"Blue Cars" ranking for "Green Cars" search

Joined
Sep 3, 2015
Messages
792
Likes
537
Degree
2
Say my site is about cars. I have one page dedicated to blue cars and another page dedicated to green cars. Both pages obviously cross over (cars) but they are absolutely targeted towards the blue and green variants respectively.

I've noticed something weird lately - the "Green Cars" page will rank for "green cars" obviously, BUT for the search "blue cars" it will also come up! Sometimes it will be the "green cars" page in #6 then "blue cars" in #7 behind it, or sometimes the "blue cars" page won't even show for "blue cars" searches - just my "green cars" page will be there.

Links (internal and external) to both pages are similar, as are their design etc.

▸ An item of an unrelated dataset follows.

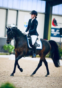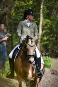 Het avontuur van Roosendaal’s Summertime en mij begon in 2023 toen Astrid mij vroeg om haar uit te brengen in de sport. Ik zat er voor de vierde keer op en we pakten meteen dikke winstpunten in de B-klasse. Vanaf daar ging het snel: we werden geselecteerd voor het Nederlands kampioenschap outdoor en stroomden door naar de L. Summer is een echte outdoor pony, en dus werden we in de zomer van 2024 met een 4e plek op de regionale opnieuw geselecteerd voor de Nederlandse Kampioenschappen in de klasse L2. Inmiddels zijn we flink gegroeid als combinatie; we hebben het sportpredikaat behaald en starten nu in het M2. De punten voor het Z zijn ook binnen dus we trainen met plezier verder Ik vind het heel leuk om samen met Summer nieuwe dingen te leren

I have a feeling this might have something to do with anchor text over-optimisation to the "blue cars" page.
 
Nah it's Google experimenting at times, but this happens a ton on keywords with low volume. I would simply take the added SERP real estate and call it a day. Don't try to mess with "blue cars" on site optimization to push up "green cars" more.

Google simply deems your 2 pages more relevant than the other trash in the SERPs, it's a great indicator that Google understand your niche perfectly.

If it was over-optimization you wouldn't be ranking.

Concentrate on some off-site SEO to the "green cars" page and call it a day.
 
It can also mean that of your two pages, the green cars one has more backlinks and power than the blue cars one, enough to help it rank over the blue one for the blue term. I've seen this happen in low competition serps like CCarter is saying, where your site is better than all the rest and it makes senses to show two pages from your domain for a lack of anything else.
 
Thanks, strangely enough I think the page that should be ranking higher (ie the one the search term is focused on) has more backlinks than the other. I also wish that instead of having #6 and #7 for example, I just had one result in the top 3 where I used to be.